*Your assignment*:
Print every line of the listing below, starting with the line that holds "private office. ($1,400/month)" and going on through the line that holds "We apply the", both included, and print nothing else.

*Data shown*:

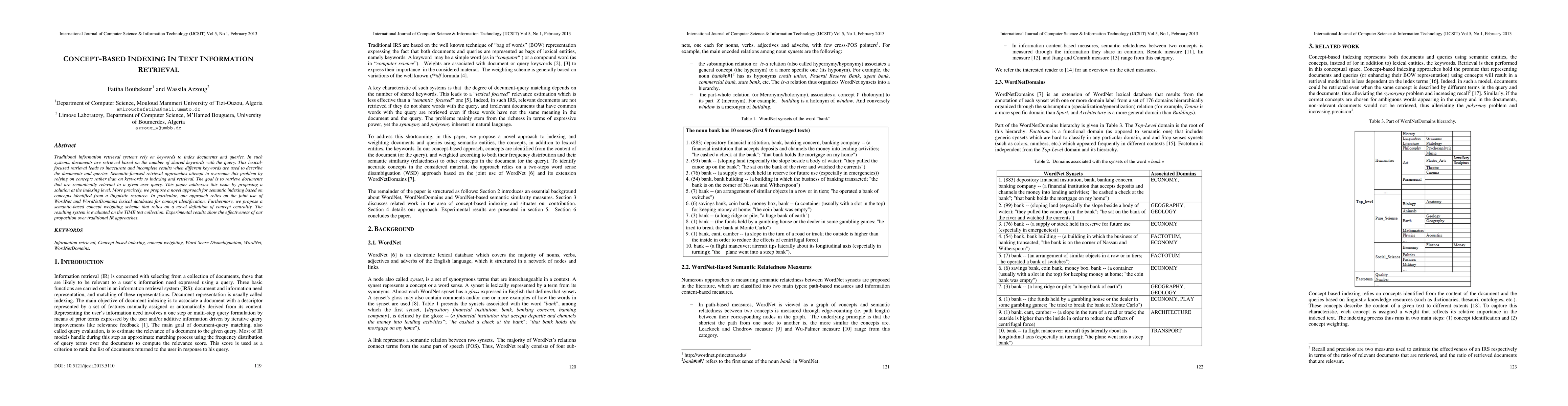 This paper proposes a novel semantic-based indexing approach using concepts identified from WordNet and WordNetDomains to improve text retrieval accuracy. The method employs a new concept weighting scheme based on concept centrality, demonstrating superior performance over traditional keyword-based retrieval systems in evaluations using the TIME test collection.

---

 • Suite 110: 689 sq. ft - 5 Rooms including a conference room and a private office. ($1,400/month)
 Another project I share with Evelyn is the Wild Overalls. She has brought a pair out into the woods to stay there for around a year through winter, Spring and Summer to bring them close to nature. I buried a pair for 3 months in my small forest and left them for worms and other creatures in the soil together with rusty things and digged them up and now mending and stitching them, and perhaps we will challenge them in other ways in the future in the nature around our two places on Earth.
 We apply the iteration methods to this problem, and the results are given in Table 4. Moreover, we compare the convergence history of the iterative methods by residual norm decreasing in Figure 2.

...

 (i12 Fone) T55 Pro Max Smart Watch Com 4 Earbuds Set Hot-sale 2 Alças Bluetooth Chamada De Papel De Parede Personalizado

*Result of the task*:
 • Suite 110: 689 sq. ft - 5 Rooms including a conference room and a private office. ($1,400/month)
 Another project I share with Evelyn is the Wild Overalls. She has brought a pair out into the woods to stay there for around a year through winter, Spring and Summer to bring them close to nature. I buried a pair for 3 months in my small forest and left them for worms and other creatures in the soil together with rusty things and digged them up and now mending and stitching them, and perhaps we will challenge them in other ways in the future in the nature around our two places on Earth.
 We apply the iteration methods to this problem, and the results are given in Table 4. Moreover, we compare the convergence history of the iterative methods by residual norm decreasing in Figure 2.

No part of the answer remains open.